**** Provided data ****

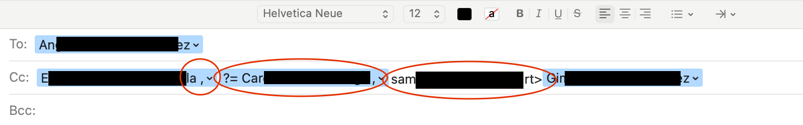 - The other issue is that some emails I am receiving, if I check them in Mail the senders and CC's email addresses are all mess up (see image).
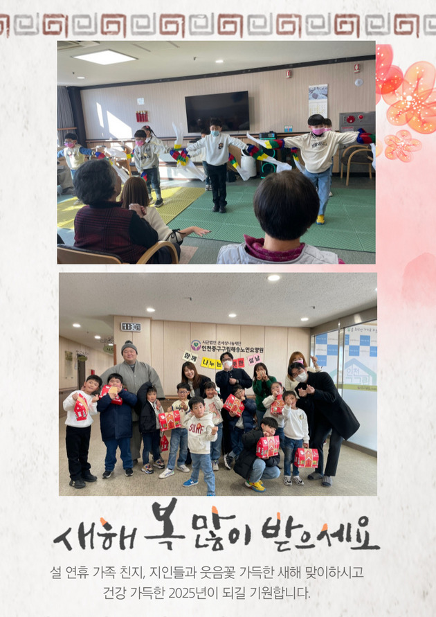 아이들이 감사하는 마음을 담아 세배를 하고 어르신들께서 덕담을 나누는 정겨운 행사였습니다. 어르신들께 기쁨을 전달하기 위해 아이들은 춤과 정성들인 편지를 낭독하고 나눠드리며 따뜻한 시간을 갖고 명절의 전통 놀이인 윷놀이를 하며 즐거운 설날행사를 맞았습니다.
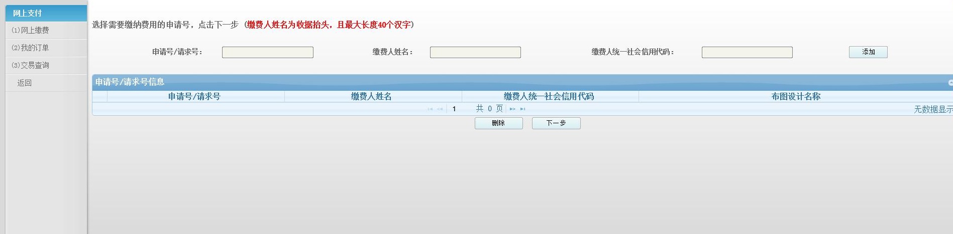 2.输入缴费的申请号或请求号、缴费人姓名后,点击"添加",可同时对多个申请号或请求号进行缴费。
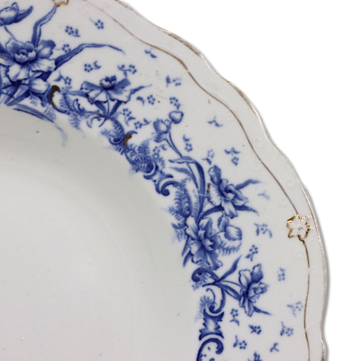 Scalloped edge with gold accents. Transfer on band is blue floral
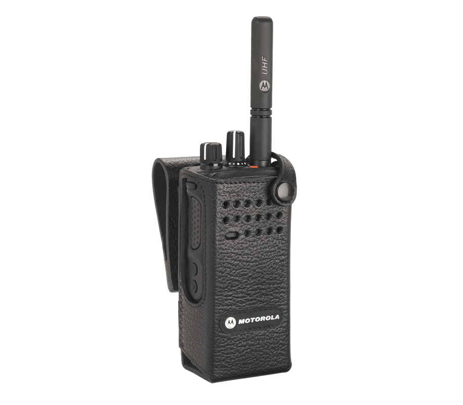 Carrying cases are available in sizes designed to fit your radio and battery and permit audio to be heard clearly. This hard leather case with 2.5-inch swivel belt loop is designed to work with the XPR 7350 and XPR 7380 non-display radio. Swivel model cases secure to a belt loop and allow the case to swing freely from side to side. The swivel latch system also allows the radio and case to be removed from the belt loop by simply inverting the case and lifting it up and out of the belt loop.

****

▸ What you should do:
If a line falls between the first line of the records above and the line containing "Scalloped edge with", inclusive, retype it exactly; leave pictures out.

▸ Written response:
 - The other issue is that some emails I am receiving, if I check them in Mail the senders and CC's email addresses are all mess up (see image).
 아이들이 감사하는 마음을 담아 세배를 하고 어르신들께서 덕담을 나누는 정겨운 행사였습니다. 어르신들께 기쁨을 전달하기 위해 아이들은 춤과 정성들인 편지를 낭독하고 나눠드리며 따뜻한 시간을 갖고 명절의 전통 놀이인 윷놀이를 하며 즐거운 설날행사를 맞았습니다.
 2.输入缴费的申请号或请求号、缴费人姓名后,点击"添加",可同时对多个申请号或请求号进行缴费。
 Scalloped edge with gold accents. Transfer on band is blue floral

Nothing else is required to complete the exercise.